Pen-Y-Fan from Cribyn
Learn to fall in love with the mountain not just the summit

Friday, March 12, 2010

The Appalachian Trail

Perhaps for some the following will summarise the feeling that we all have tackling a strenuous hill/mountain. It is a passage taken from a book written by Bill Bryson when at the age of forty-four he set off to hike through 2,200 miles of remote mountain wilderness filled with bears, moose, bobcats, rattlesnakes, poisonous plants, disease bearing ticks, salamanders and a range of other mammals, flora and fauna.

The Appalachian Trail is the longest continuous footpath in the world, stretching from Georgia to Maine through the Smoky Mountains, Shenandoah National Park, Blue Ridge Mountains of Virginia (...in the shade of the local pines!!) and the Great North Woods of Maine:-

"The hardest part is coming to terms with the constant dispiriting discovery that there is always more hill. The thing about being on a hill, as opposed to standing back from it, is that you can almost never see exactly what's to come.
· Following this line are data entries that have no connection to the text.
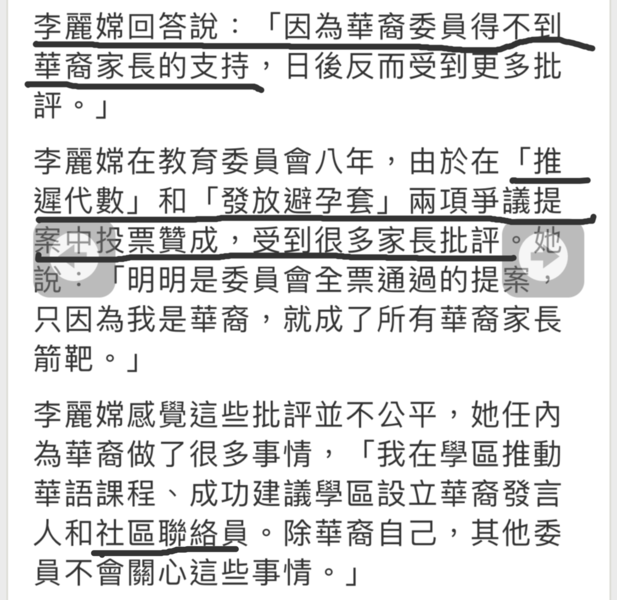 世界日報的報導還說,李麗嫦認為家長們針對她是華人的校區委員而諸多刁難。但在初中學生「可以領取避孕套卻不可以讀代數」的問題上,是她首當其衝地斥責華人家長,說家長們講大話、散步遙言,和把問題政治化。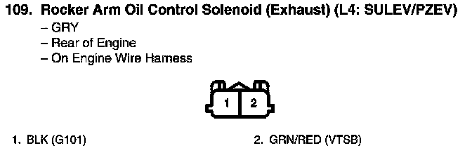 Rocker Arm Oil Control Solenoid (Exhaust) Connector View (Without SULEV/PZEV)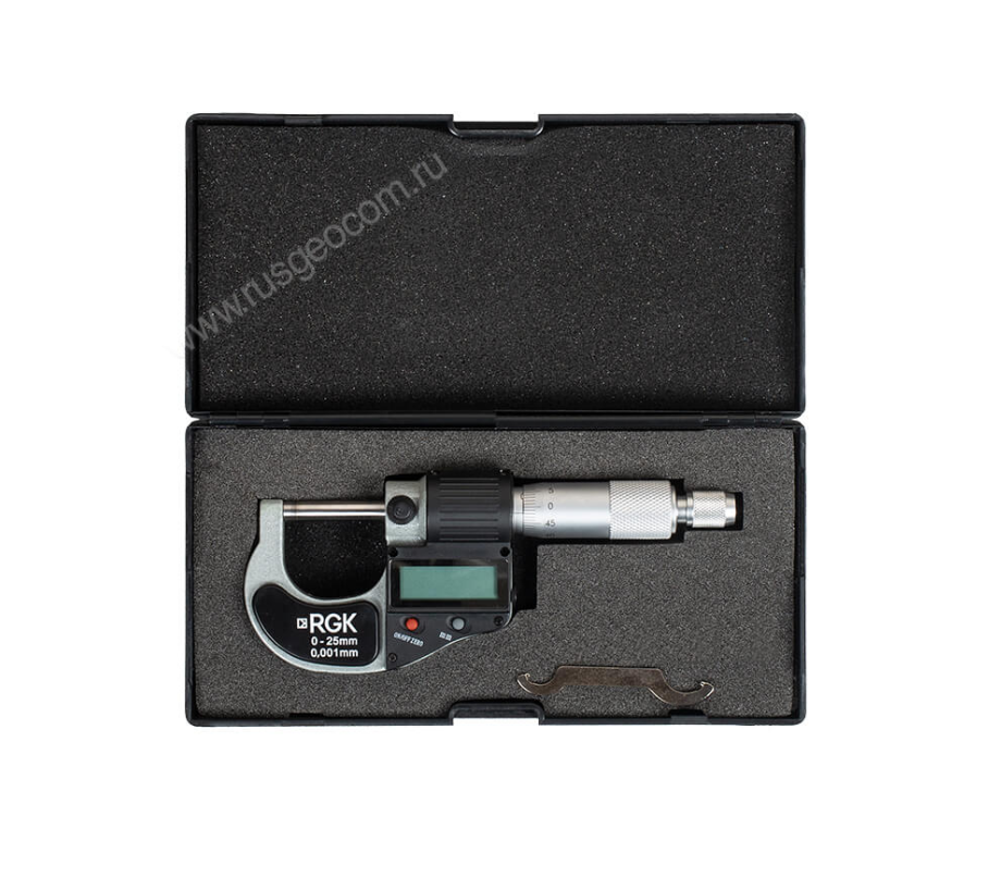 RGK MC-25 - высокоточный инструмент для измерения линейных параметров различных деталей и заготовок в диапазоне от 0 до 25 мм с разрешением 0.001 мм и допусками.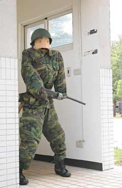 軍方說,假衛(wèi)兵的用意是欺敵,實(shí)際的兵力、火力都隱藏在營區(qū)內(nèi),萬一有人硬闖或企圖潛入時(shí),營區(qū)警衛(wèi)連會立即指揮調(diào)派兵力,三分鐘內(nèi)即可趕抵側(cè)門。

Between the curtain of trees, the ever-receding contour of rising slope before you and your own plodding weariness, you gradually lose track of how far you have come.

Each time you haul yourself up to what you think must surely be the crest, you find that there is in fact more hill beyond, sloping at an angle that kept it from view before, and that beyond that slope there is another, and beyond that another and another, and beyond each of those more still, until it seems impossible that any hill could run on this long.

Eventually you reach a height where you can see the tops of the topmost tress, with nothing but clear sky beyond, and your faltering spirit stirs - nearly there now! - but this is a pitiless deception. The elusive summit continually retreats by whatever distance you press forward, so that each time the canopy parts enough to give a view you are dismayed to see that the topmost trees are as remote, as unattainable, as before. Still you stagger on. What else can you do?

When after ages and ages, you finally reach the tell-tale world of truly high ground, where the chilled air smells of pine sap and the vegetation is gnarled and tough and wind-bent, and push through to the summits open pinnacle, you are, alas, past caring. You soon realise - again in a remote, light-headed, curiously not-there way - that the view is sensational: a boundless vista of wooded mountains, unmarked by human hand, marching off in every direction. This really is heaven, it's splendid, no question."